(Items listed in a dataset)
● ● ●

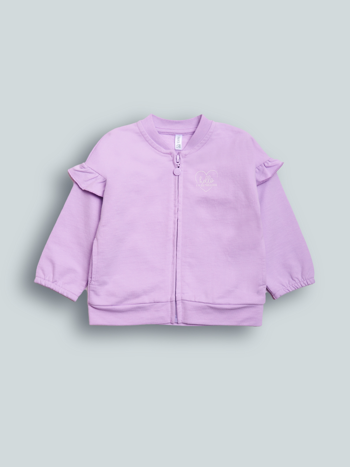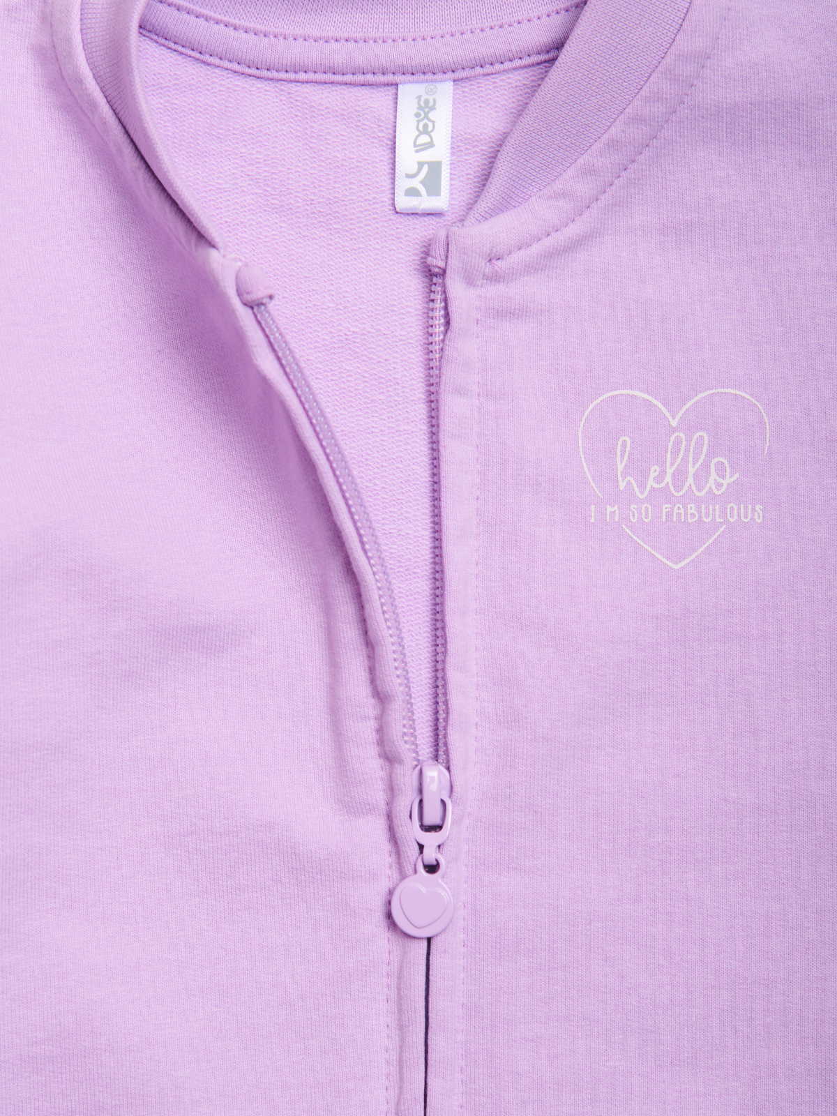 Cardigan in Morbida felpa leggera Manica lunga con collo in costina. Romantica stampa scritta sul davanti. Pratica da indossare grazie all’apertura frontale con zip. Rouches al giromaica per ancora più femminilità. Un capo versatile e di facile abbinamento.
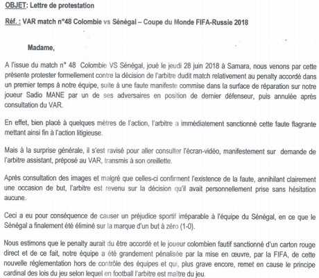 La première lettre se plaint des décisions arbitrales de M. Milorad Mazic contre la Colombie. La Fédération sénégalaise (FSF) estime que l’arbitre n’avait pas à annuler le penalty initialement sifflé pour une faute sur Sadio Mané puis annulé de manière très litigieuse après utilisation de l’assistance vidéo (VAR). L’instance réclame également un penalty pour une main non sifflée de Yerry Mina dans la surface colombienne. “Ces faits ayant été à l’origine directe de l’élimination du Sénégal nous ont motivé à vous saisir dans cette lettre de protestation, en espérant que toute la suite requise lui sera accordée“, a écrit la FSF.
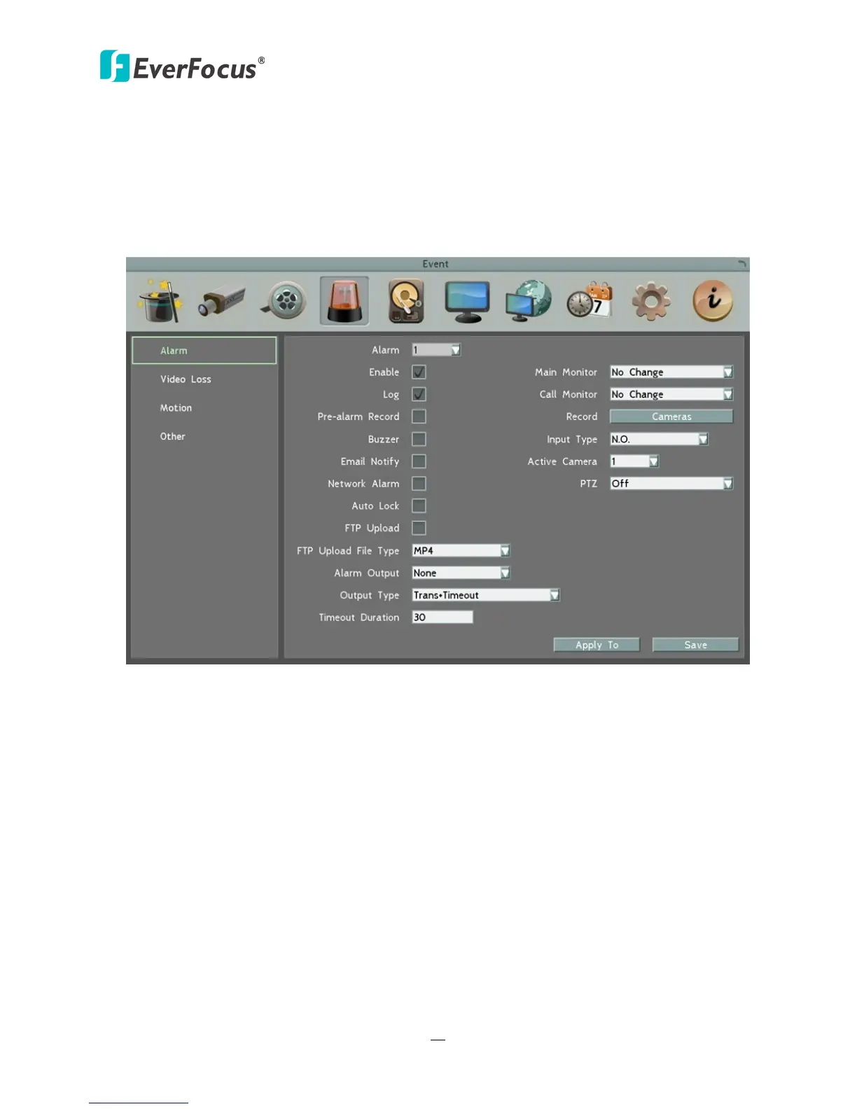 event occurs. This feature works with EverFocusCMS software. You will need to configure
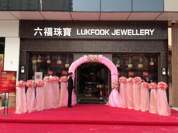 開業當天,華麗的花柱簇立于店舖大門兩側,与矚目的大型拱門及大紅的地毯互相映襯,盡顯六福珠寶「香港名牌 國際演繹」之高檔、時尚魅力。而店內櫥窗上的新年貼紙与天花上懸掛的三色氣球,更添一份喜慶熱鬧。當顧客細心挑選心儀的珠寶首飾時,銷售人員親切耐心的服務,令其備感歡愉及滿意,這充分彰顯六福珠寶「服务为本以客为先」的品牌理念。
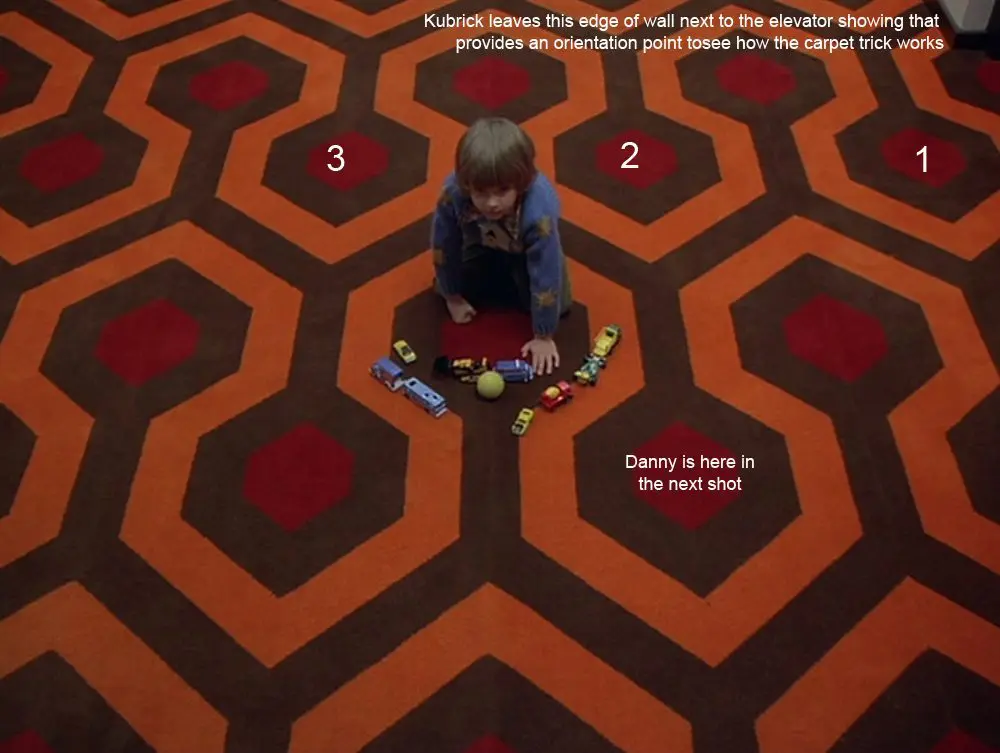 One of our favourite Kubrick analysts, Juli Kearns discusses on Idyllpus Press in ‘How the Kubrick Carpet Trick Works‘ how Danny’s position on the carpet in The Shining changes from shot to shot which she believes was a deliberate decision by Kubrick, comparing it to a chess move which also has a connection to the chess game between HAL and Frank Poole in 2001: A Space Odyssey.
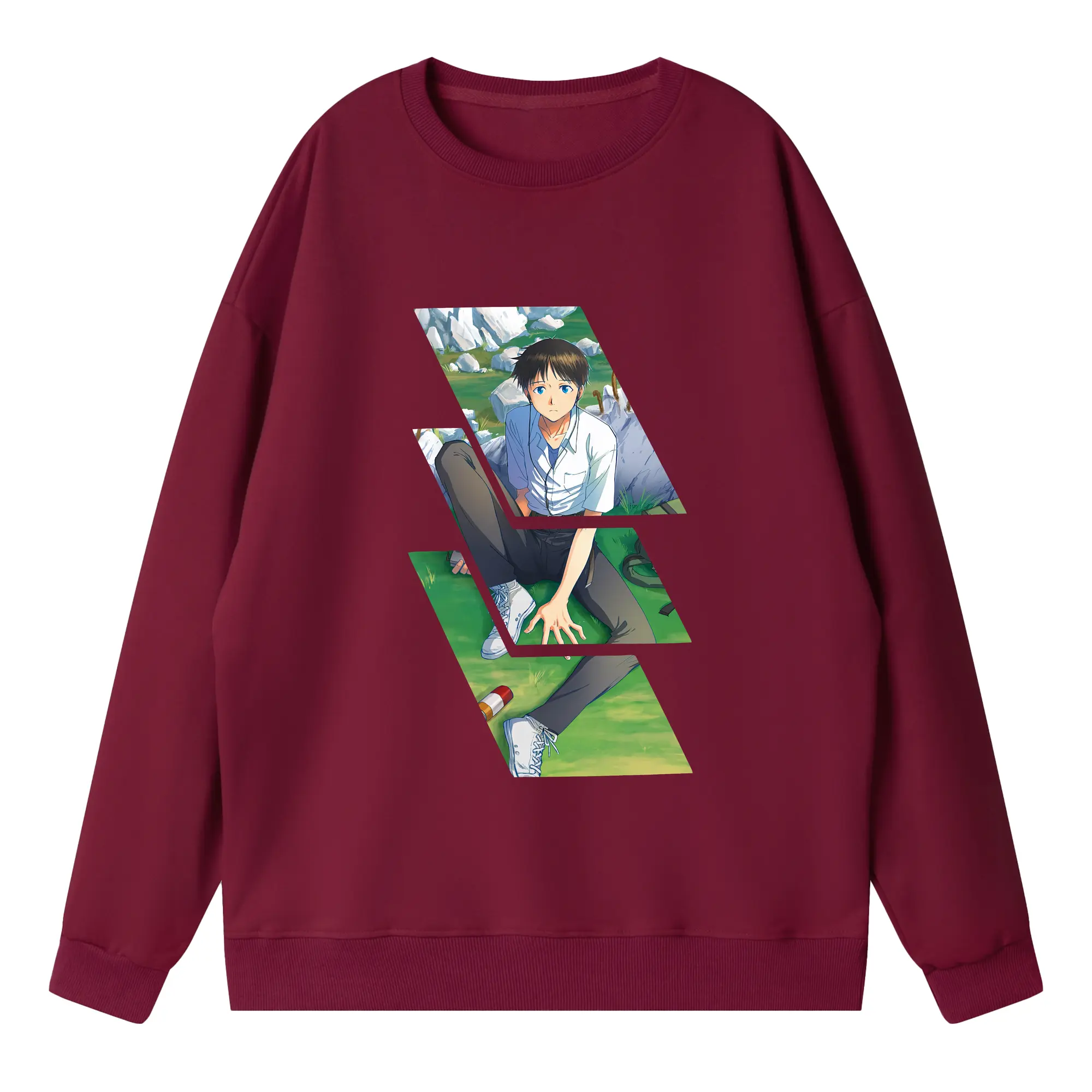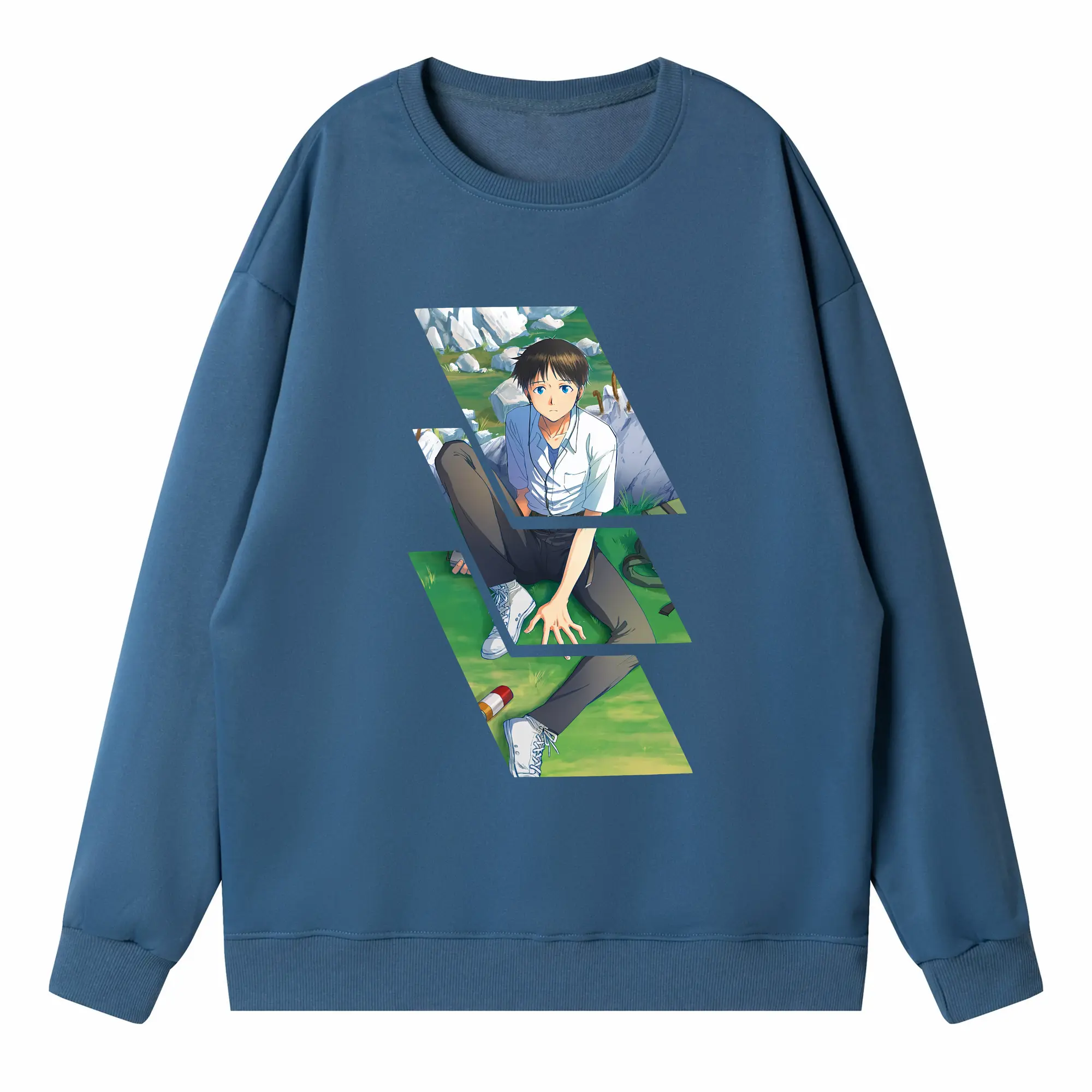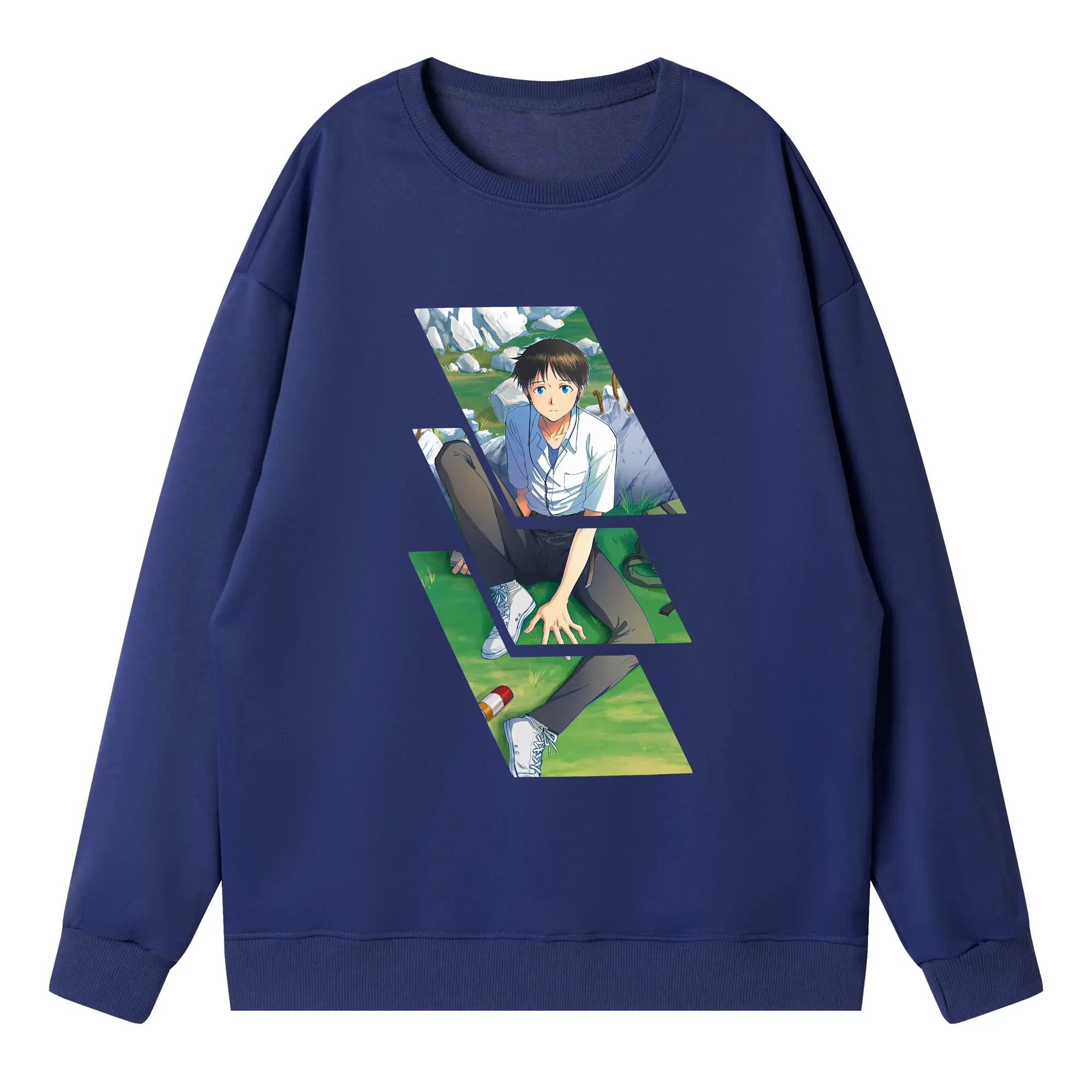エヴァンゲリオン グッズ,碇シンジ - 高品質 クルーネック スウェット ・ コットン59% ポリエステル41% ・ ユニセックス 長袖 トレーナー ・ カジュアル デイリー スポーツ 散歩用

● ● ●

Task goal
Using the records above, return word for word the lines that begin at the one containing "La première lettre" and end at the one containing "開業當天,華麗的花柱簇立于店", both of them included and no pictures.

Solved problem
 La première lettre se plaint des décisions arbitrales de M. Milorad Mazic contre la Colombie. La Fédération sénégalaise (FSF) estime que l’arbitre n’avait pas à annuler le penalty initialement sifflé pour une faute sur Sadio Mané puis annulé de manière très litigieuse après utilisation de l’assistance vidéo (VAR). L’instance réclame également un penalty pour une main non sifflée de Yerry Mina dans la surface colombienne. “Ces faits ayant été à l’origine directe de l’élimination du Sénégal nous ont motivé à vous saisir dans cette lettre de protestation, en espérant que toute la suite requise lui sera accordée“, a écrit la FSF.
 event occurs. This feature works with EverFocusCMS software. You will need to configure
 開業當天,華麗的花柱簇立于店舖大門兩側,与矚目的大型拱門及大紅的地毯互相映襯,盡顯六福珠寶「香港名牌 國際演繹」之高檔、時尚魅力。而店內櫥窗上的新年貼紙与天花上懸掛的三色氣球,更添一份喜慶熱鬧。當顧客細心挑選心儀的珠寶首飾時,銷售人員親切耐心的服務,令其備感歡愉及滿意,這充分彰顯六福珠寶「服务为本以客为先」的品牌理念。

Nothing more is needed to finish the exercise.